Sing for joy, O heavens, and exult, O earth; break forth, O mountains, into singing! For the Lord has comforted his people, and will have compassion on his afflicted.

But Zion said, “The Lord has forsaken me, my Lord has forgotten me.”

“Can a woman forget her sucking child, that she should have no compassion on the son of her womb? Even these may forget, yet I will not forget you.”


GOSPEL (John 5:17-30)
At that time Jesus said, “My Father is working still, and I am working.”

This was why the Jews sought all the more to kill him, because he not only broke the sabbath but also called God his Father, making himself equal with God.

Jesus said to them, “Truly, truly, I say to you, the Son can do nothing of his own accord, but only what he sees the Father doing; for whatever he does, that the Son does likewise.
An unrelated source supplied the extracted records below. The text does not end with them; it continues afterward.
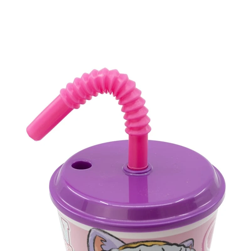 Дизайнът включва гъвкав капак и сламка за лесно и безопасно пиене.
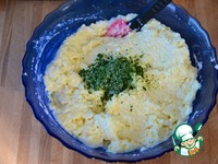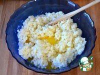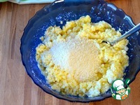 Духовку разогреть до 220 градусов. Остывший рис переложить в миску. "Разбить" его вилкой (если он схватился одним куском) или ложкой и добавить растопленное сливочное масло. Как следует перемешать. |
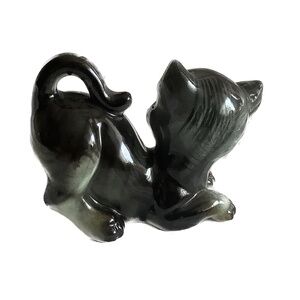 Vintage ceramic black cat. No chips or cracks. approximately 5 inches long and 3.5 inches tall. so cute!
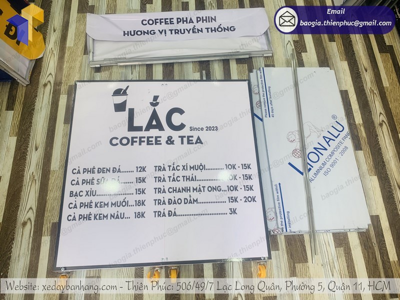 Bảng hiệu trên xe café mini lắp ráp thể hiện những thông tin về quán như tên quán, menu, phương thức thanh toán,… giúp khách hàng dễ lựa chọn, quá trình mua bán trở nên nhanh chóng và thuận tiện hơn.
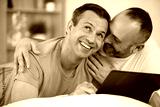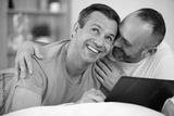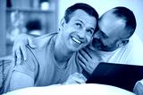 affectionate gay couple using a laptop

For the Father loves the Son, and shows him all that he himself is doing; and greater works than these will he show him, that you may marvel. For as the Father raises the dead and gives them life, so also the Son gives life to whom he will. The Father judges no one, but has given all judgment to the Son, that all may honour the Son, even as they honour the Father. He who does not honour the Son does not honour the Father who sent him. Truly, truly, I say to you, he who hears my word and believes him who sent me, has eternal life; he does not come into judgment, but has passed from death to life.
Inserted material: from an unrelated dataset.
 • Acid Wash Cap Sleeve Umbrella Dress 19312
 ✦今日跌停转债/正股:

“Truly, truly, I say to you, the hour is coming, and now is, when the dead will hear the voice of the Son of God, and those who hear will live. For as the Father has life in himself, so he has granted the Son also to have life in himself, and has given him authority to execute judgment, because he is the Son of man. Do not marvel at this; for the hour is coming when all who are in the tombs will hear his voice and come forth, those who have done good, to the resurrection of life, and those who have done evil, to the resurrection of judgment.
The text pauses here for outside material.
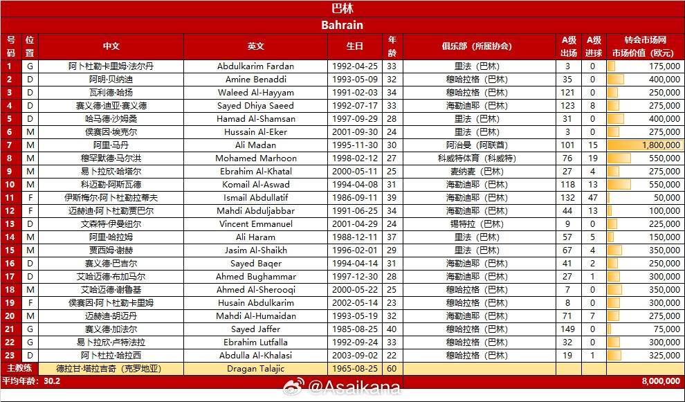 2026年美加墨世界杯亚洲区预选赛 中国vs巴林 23人大名单(附号码)

“I can do nothing on my own authority; as I hear, I judge; and my judgment is just, because I seek not my own will but the will of him who sent me.”


REFLECTIONS
My Father is working still, and I am working - Servants of the Word


I will not be forgetful of thee - Fr Mark Daniel Kirby OSB


FURTHERMORE . . .
It is tempting to wonder whether the people of the Old Testament, when they heard the words of hope and consolation offered by their prophets, reacted as some of us often do today when we hear our leaders putting forward their plans for a better and brighter tomorrow. For it could not have been easy for a people who frequently saw themselves as abandoned and forgotten by God to accept such words and promises as those voiced by the prophet Isaiah which we hear in today’s first reading - the promise to restore the land, to release those in darkness, and to lead those who are hungry and thirsty to springs of water.

Yet if these prophetic pronouncements must have often appeared beyond the comprehension and wildest hopes of Israel, how much more remarkable it is to read in the Gospels that Jesus not only comes to fulfil these prophecies but to realize them in a far more marvellous way than the prophets were ever able to conceive. For Jesus, who reveals himself as the very presence of God among his people, not only discloses something of the mystery of God’s inner life but actually invites each of us to share in this divine life in eternity.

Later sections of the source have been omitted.